Take each line of the data that contains the string "Sailors" and copy it.

==============================

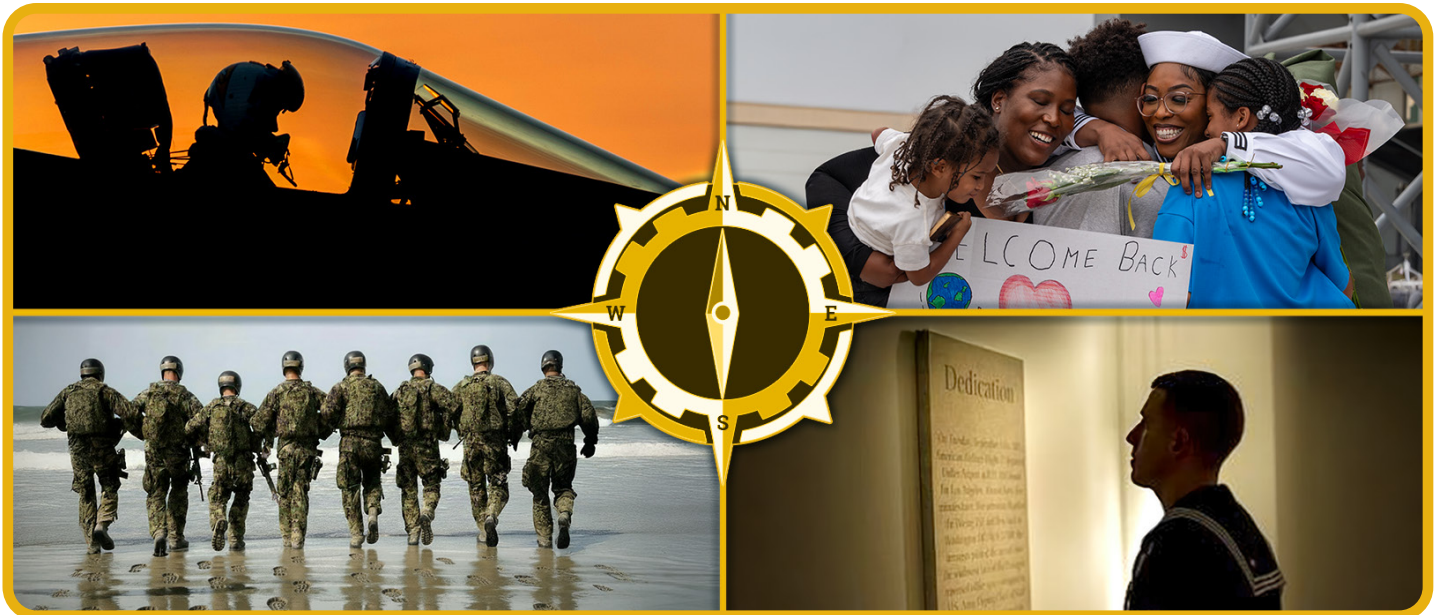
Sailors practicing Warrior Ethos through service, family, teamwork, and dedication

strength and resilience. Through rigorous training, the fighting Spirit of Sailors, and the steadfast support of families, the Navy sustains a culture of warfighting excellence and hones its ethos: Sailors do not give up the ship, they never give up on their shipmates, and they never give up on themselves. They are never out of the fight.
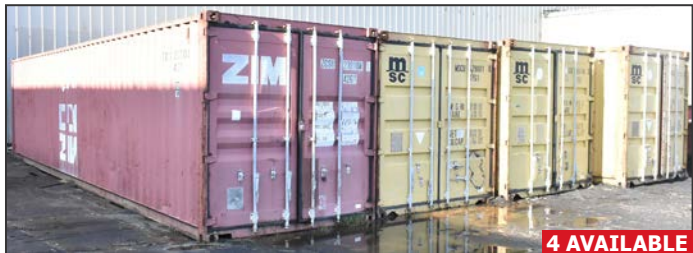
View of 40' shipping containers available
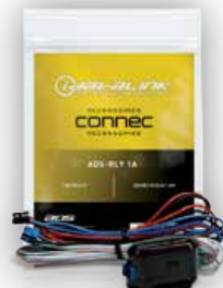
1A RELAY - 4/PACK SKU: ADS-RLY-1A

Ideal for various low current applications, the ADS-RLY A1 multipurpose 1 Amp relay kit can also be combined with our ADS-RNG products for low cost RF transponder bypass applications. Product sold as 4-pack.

==============================

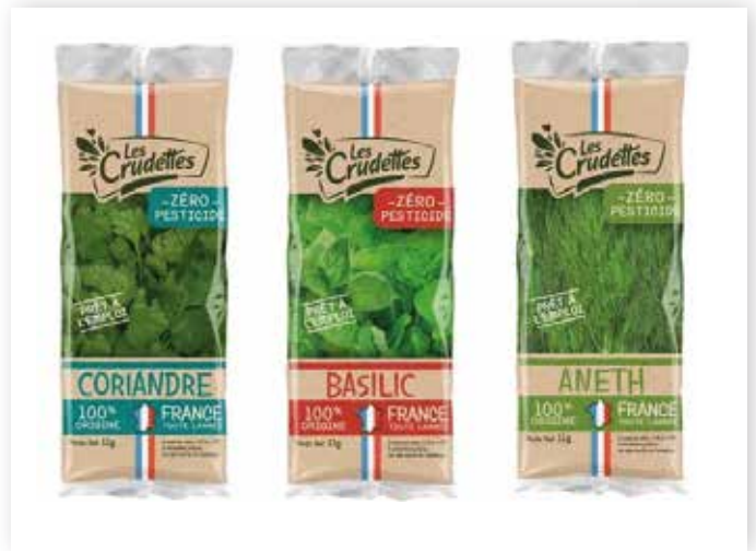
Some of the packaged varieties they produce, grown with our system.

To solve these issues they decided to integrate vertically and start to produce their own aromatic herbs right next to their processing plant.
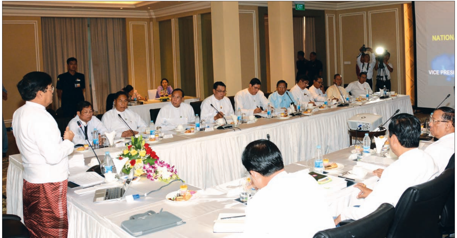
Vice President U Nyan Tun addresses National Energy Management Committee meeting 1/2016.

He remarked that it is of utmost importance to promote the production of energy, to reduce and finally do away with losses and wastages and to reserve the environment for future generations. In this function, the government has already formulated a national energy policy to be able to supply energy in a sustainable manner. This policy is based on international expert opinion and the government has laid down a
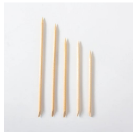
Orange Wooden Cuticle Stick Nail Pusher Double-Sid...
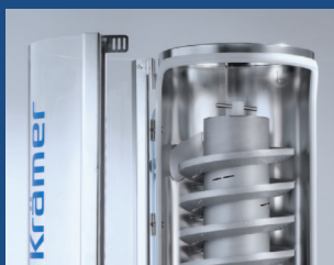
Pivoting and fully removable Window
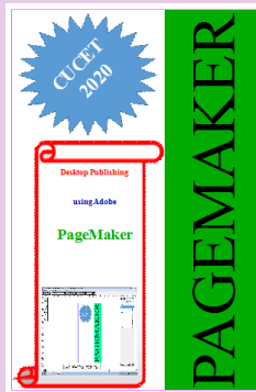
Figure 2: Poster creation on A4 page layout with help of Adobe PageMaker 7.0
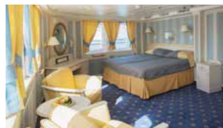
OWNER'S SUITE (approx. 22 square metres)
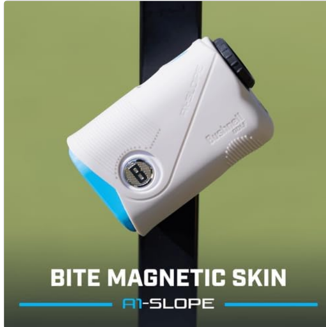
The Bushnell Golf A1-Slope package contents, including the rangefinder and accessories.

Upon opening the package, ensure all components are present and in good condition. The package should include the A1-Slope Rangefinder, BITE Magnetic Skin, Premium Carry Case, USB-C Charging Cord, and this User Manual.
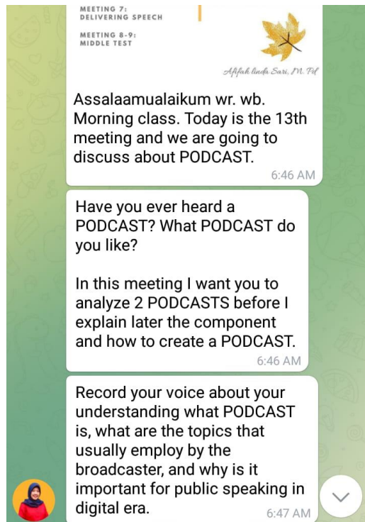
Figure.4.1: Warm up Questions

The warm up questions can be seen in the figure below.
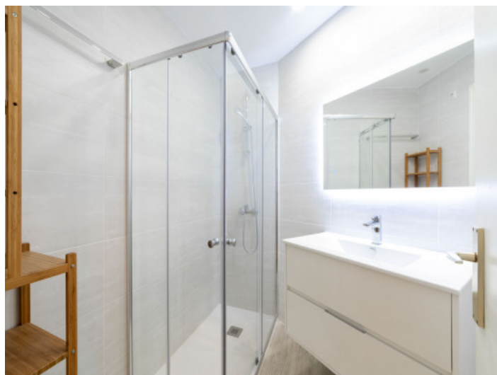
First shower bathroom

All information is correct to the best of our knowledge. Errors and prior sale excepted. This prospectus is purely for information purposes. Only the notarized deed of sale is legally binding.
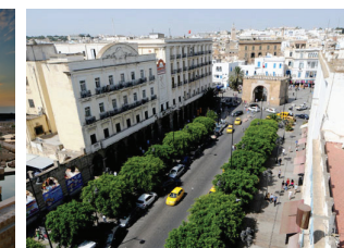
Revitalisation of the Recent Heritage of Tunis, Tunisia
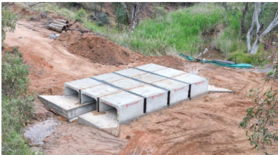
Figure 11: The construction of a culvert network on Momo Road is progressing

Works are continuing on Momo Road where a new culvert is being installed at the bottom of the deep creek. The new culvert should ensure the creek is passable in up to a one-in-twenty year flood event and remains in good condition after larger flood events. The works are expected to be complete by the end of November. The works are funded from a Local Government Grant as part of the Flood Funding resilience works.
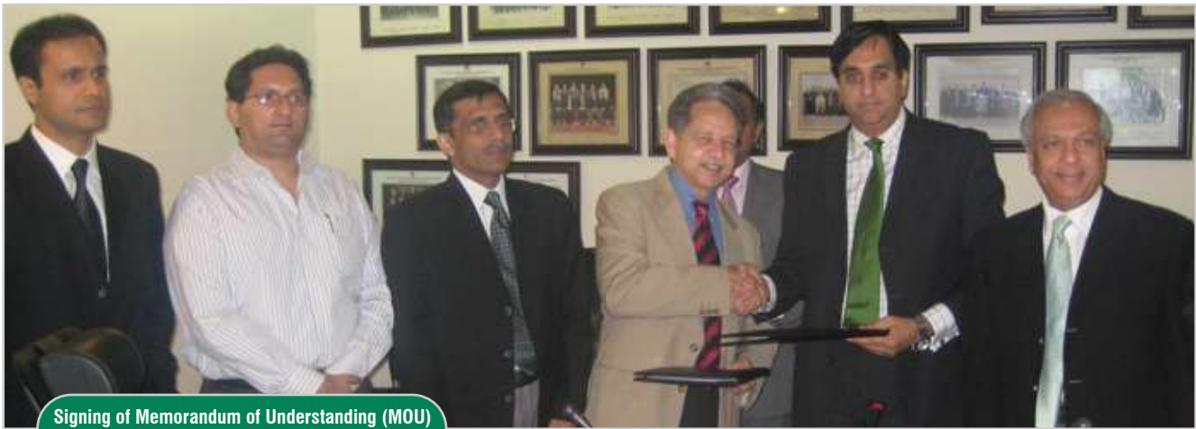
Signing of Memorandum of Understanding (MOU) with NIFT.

==============================

> THE COMPLETED TASK
Sailors practicing Warrior Ethos through service, family, teamwork, and dedication
strength and resilience. Through rigorous training, the fighting Spirit of Sailors, and the steadfast support of families, the Navy sustains a culture of warfighting excellence and hones its ethos: Sailors do not give up the ship, they never give up on their shipmates, and they never give up on themselves. They are never out of the fight.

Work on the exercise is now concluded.